Contra-Topic-bottleneck-t5-large: Linear Topic Extraction using Bottleneck T5
A lightweight approach to topic extraction leveraging the Bottleneck T5 autoencoder architecture with learned transformation matrices. This project provides three specialized transformation matrices for mapping content embeddings to topic embeddings across different domains.
TL;DR: Transform content embeddings into topic embeddings using domain-specific 1024×1024 transformation matrices, trained on three distinct datasets. Built on top of the Bottleneck T5 architecture for efficient, training-free topic extraction.
Motivation
Large Language Models (LLMs) have become the go-to solution for many NLP tasks, including topic extraction and classification. However, they come with significant overhead:
- High computational requirements
- Large memory footprint
- Considerable inference latency
- Complex deployment needs
- Limited to pre-specified classes
This project offers a lightweight alternative specifically for topic extraction by leveraging the semantic structure of the Bottleneck T5's latent space.
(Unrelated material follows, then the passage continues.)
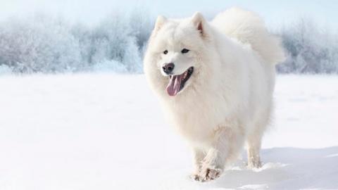 Эту породу называют “смеющийся ангел” из-за того, что на её морде всегда можно увидеть сияющую улыбку. В квартирах этим собакам будет плохо, так как они плохо переносят жару, ведь их белоснежная шерсть предназначена для защиты от холода в полярных широтах.

Instead of training a new model or fine-tuning existing ones, we learn a simple linear transformation between content and topic embeddings, providing:
- Fast inference (milliseconds)
- Minimal memory footprint (single 1024×1024 matrix per domain)
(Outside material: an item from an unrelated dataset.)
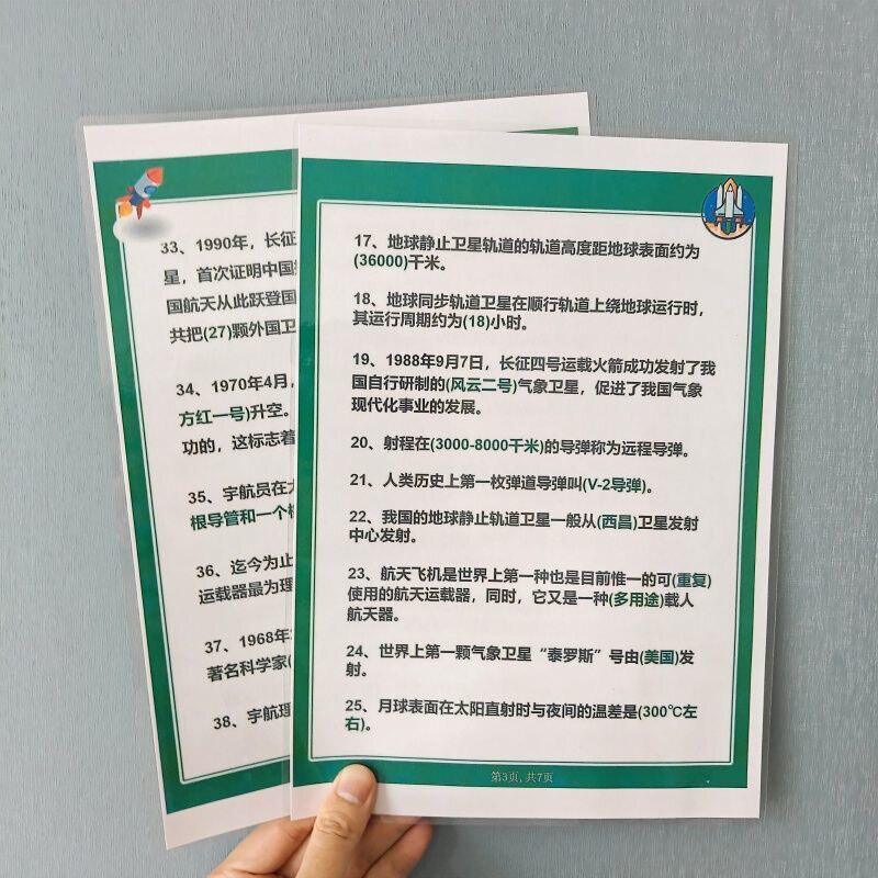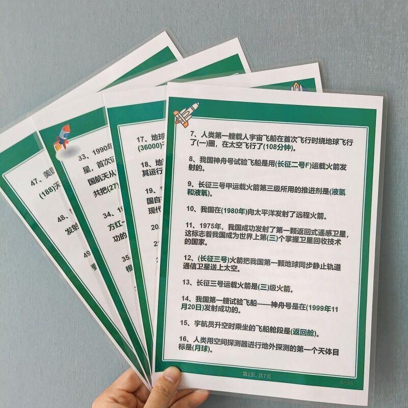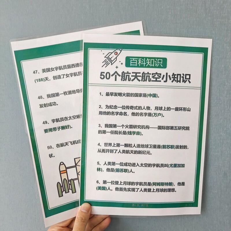 百科知识50个航天航空小知识儿童课外科普航天知识塑封挂图认知卡

- Simple deployment (basic matrix multiplication)
- No need for GPU at inference time
- Generator in nature
Architecture Overview
Base Model
- Uses Bottleneck T5 Large (thesephist/contra-bottleneck-t5-large-wikipedia)
- Fixed embedding dimension: 1024
- Pre-trained on Wikipedia data
- Autoencoder architecture with attention pooling
Transformation Layers
- Three domain-specific transformation matrices (1024×1024 each)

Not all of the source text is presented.